Now, I’m not saying I’d prefer to lose. Of course I want to win, and winning always feels good to some extent, no matter how I get there. And losing always feels at least a little bit crappy, even when it’s a session to be proud of.

But what I really like is when everything breaks the wrong way, and I keep my cool and play rock steady to the last hand anyway. The steadiness itself counts as a victory.

When that happens, it’s not just that I played well, it’s that I played well while running bad. I didn’t tilt. And for me − someone who has been battling tilt for decades − this is the ultimate mental-game achievement.

The math looks like this:

A = Amount of pride and happiness over playing great for hours while losing: A lot.

B = Amount of angst over losing: Less than that.

A B > 0

So my answer to the question is that I would rather play good and lose than play bad and win.

Here’s the best thing about all this. When I changed my answer to the question, I made more money, by playing my A-game more often. Here’s an example:

OLD ME: The game is scheduled to stop in one hour and I’m stuck three buy-ins. To get even, I need to lower my starting-hand requirements. In other words, I need to put more money in action, and hope I get lucky.

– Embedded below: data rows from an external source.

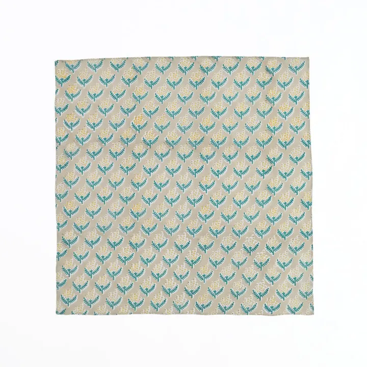 3月8日は女性の社会参画を願う日である「国際女性デー」イタリアでは「ミモザの日」とも呼ばれています。 夫から妻へ、子供からお母さんへだけでなく、更には女性同士でもミモザを贈り合うのだそう。 国ごとに異なるミモザの花言葉。イタリアでは「感謝」、日本は「優雅」「友情」、フランスでは「感受性」「思いやり」などがあります。そんなミモザ柄のハンカチ、自分用にはもちろん、日頃の感謝を伝えるちょっとしたプレゼントにもおすすめです。 ブロックプリントとは、木彫り版でハンコを押すように1柄ずつ1色ずつプリントされたものです。 まず、アウトラインとなる柄のスタンプを押していき、その後色を乗せていくため、使われている色の数だけ作業は複雑になっていきます。 全て手作業のため、染ムラやスタンプの境目などが少し出ていますが、それがブロックプリントの良さでもあり、風合いとなっています。 *ブロックプリント 【ファッション】【小物】【ファブリック】【ブロックプリント】
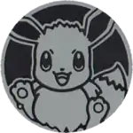 Description:Extra-large-sized, Silver Cracked Ice Holofoil, Black-backed Coin featuring Eevee included in the Eevee 2021 Collector Chest August 23, 2021, 2021
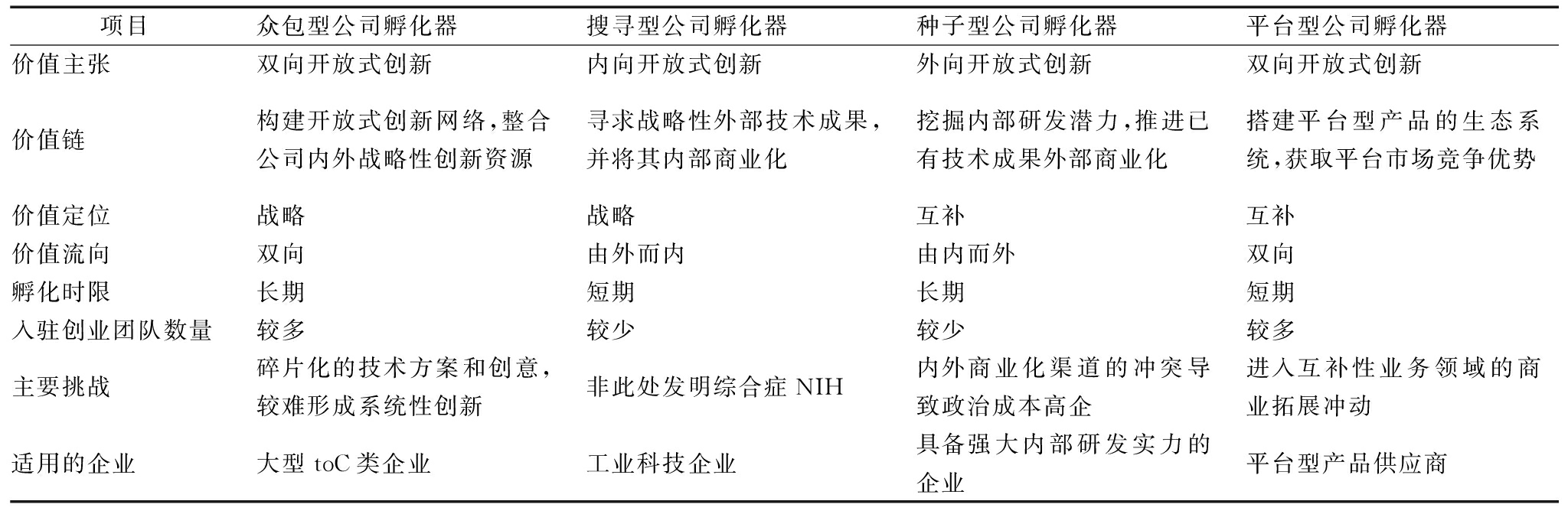 表1 不同类型公司孵化器比较
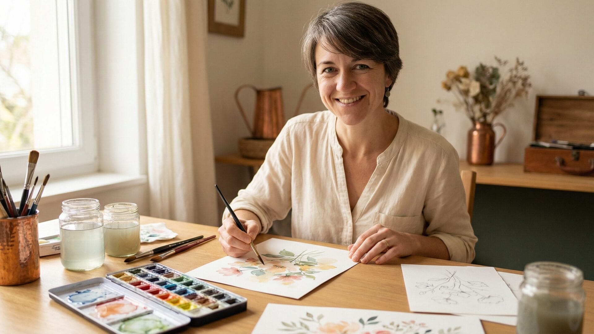 Chaque cours inclut une fiche matériel avec les recommandations de Kim. Pour débuter, un petit set d'aquarelles, quelques pinceaux et du papier suffisent. Pas besoin d'investir beaucoup au départ.
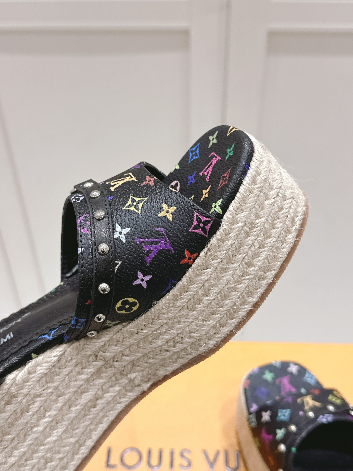 Louis Vuitton Monogram Black Canvas Slide Sandals
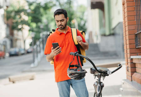 Serious young man with beard in uniform with yellow backpack looks at smartphone, standing near a bicycle with helmet on street, free space
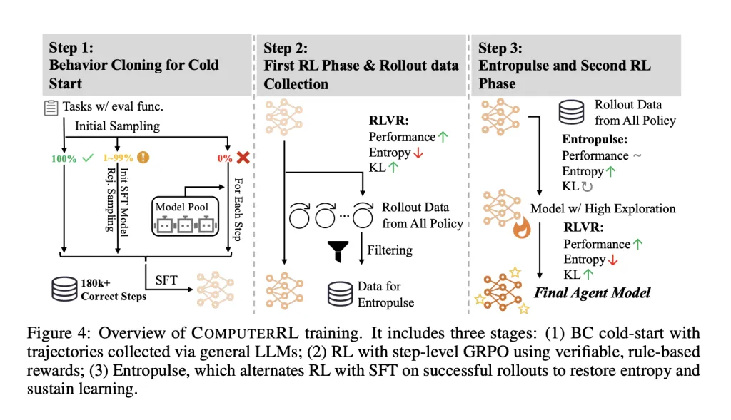 ComputerRL引入了一个叫Entropulse的方法来解决这个问题。它会在强化学习阶段和监督微调之间交替进行,用成功轨迹的数据来恢复探索性,让AI保持学习的动力。
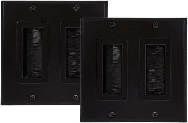 This black dual gang wall plate with brush bristles allows for a clean, tidy, and professional look for your outlets. The wall plate allows the cables running behind your walls to exit the wall and connect to your devices. The aperture is large enough for VGA, HDMI, Cat5e/6 and other types of cables, creating a unified and organized home theater setup.
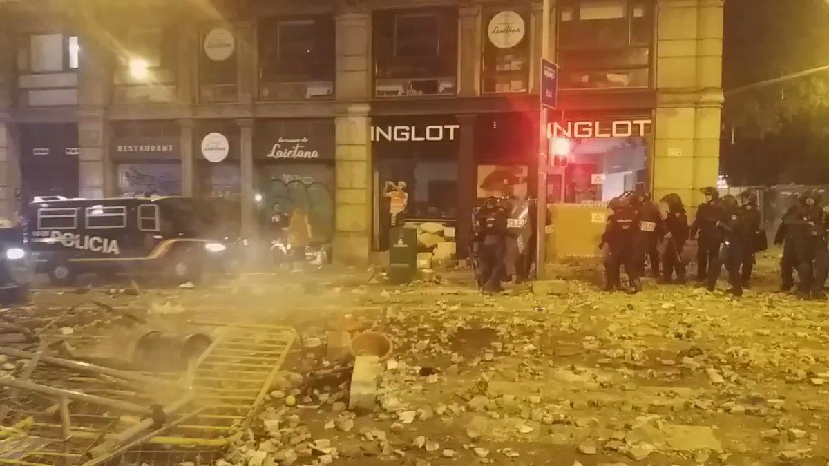 Varias decenas de furgones antidisturbios se han desplegado también por Urquinaona, la plaza de Universidad y Vía Layetana, donde los concentrados han levantado barricadas con contenedores de basuras volcados y han encendido hogueras en medio de la calzada, tras las que se parapetaban para arrojar objetos a la línea policial.
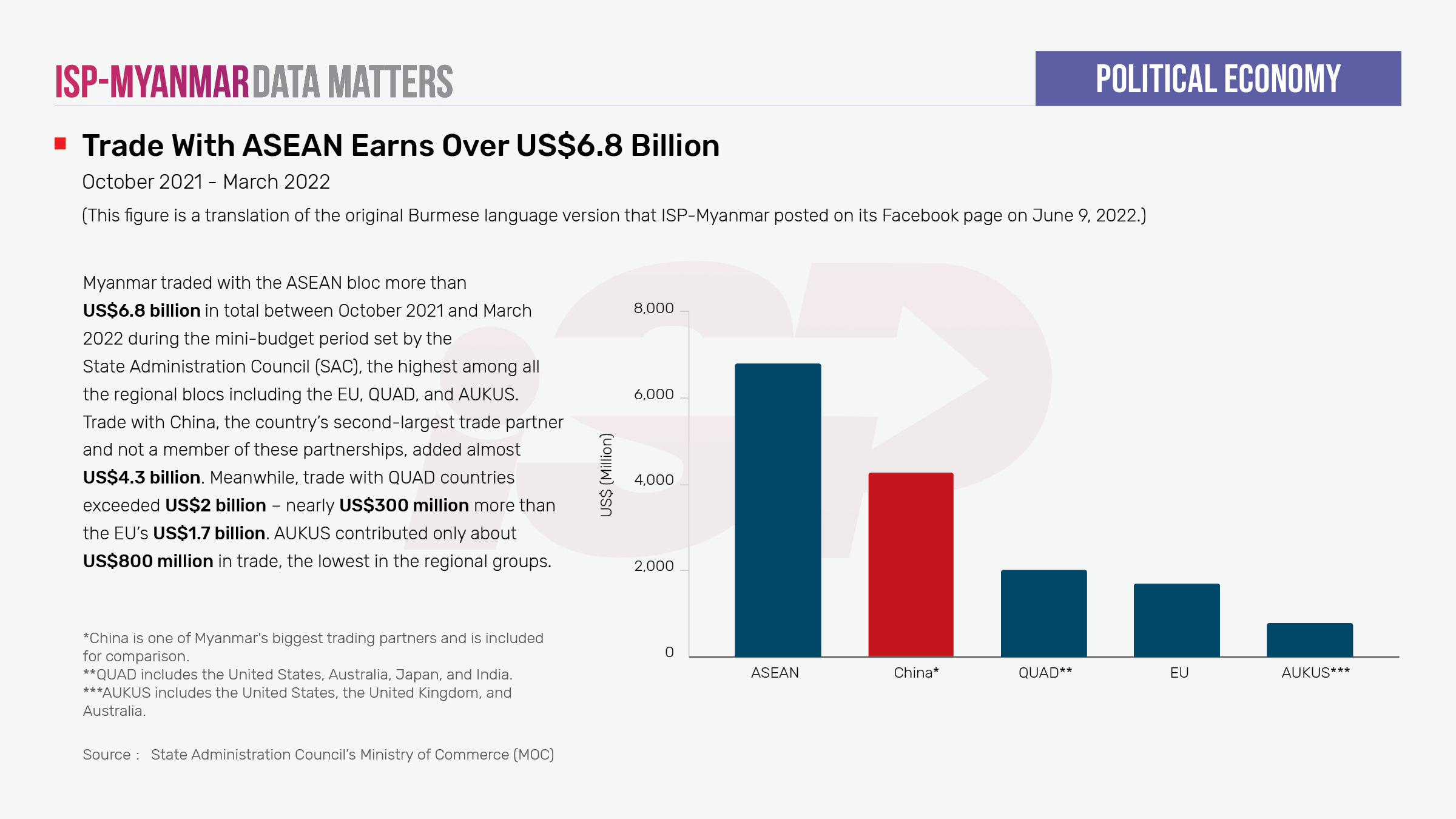 The impact of the post-coup economic crisis and western sanctions on Myanmar’s foreign trade will have a pivotal effect on Myanmar’s economic and democratic reforms. Economic performance reflects a wide range of foreign political and economic considerations, which help to illustrate the role of foreign countries in Myanmar’s democratization efforts.
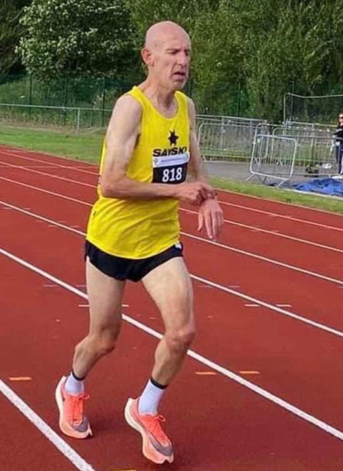 – Tre av øktene er kvalitetsøkter, og en av dem foregår på bane, beretter mannen som løp på høyt nasjonalt nivå fram til han var 38 år, for så å ta en pause fram til han fylte 58. Etter det har det gått stadig fortere, og i år har han også satt verdensrekord på 10 km med 34.32.
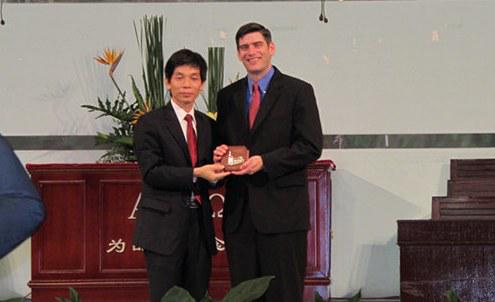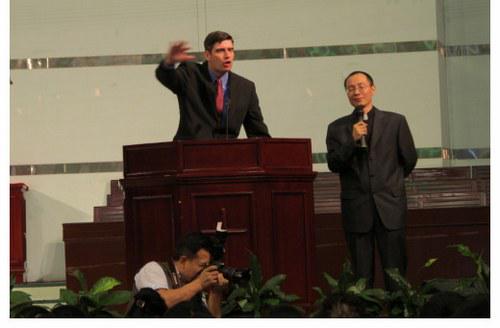 葛培理布道团亚洲部主任亨利·贺理牧师夫妇参加了此次聚会,聚会中葛卫理牧师证道《生命中的选择》。深圳梅林教堂蔡博生牧师,赠送纪念礼物给葛培理布道团并与葛卫理牧师合影留念。

The Old Me didn’t actually analyze like that before gambling it up at the end of a session. I just did it, mindlessly.

NEW ME: The game is scheduled to stop in one hour and I’m stuck $1,000. My expected hourly earn rate in this game is $100 per hour. So at this point, if I play my usual awesome A-game right up to the closing bell, I’m not desperately trying to book a win for the day. I’m just doing my job for an hour. No need to panic. Me and my bankroll will be back tomorrow, fresh and stable.

As for you, why do you trade? Are you playing for thrills? Or paying the bills?

For me, with poker, it’s always a combo. I live for the thrills. And there’s always the bills. The thing is, the roller coaster ride is inherent, to both of our games. We don’t need to seek thrills. They will come to us, even when we play tight.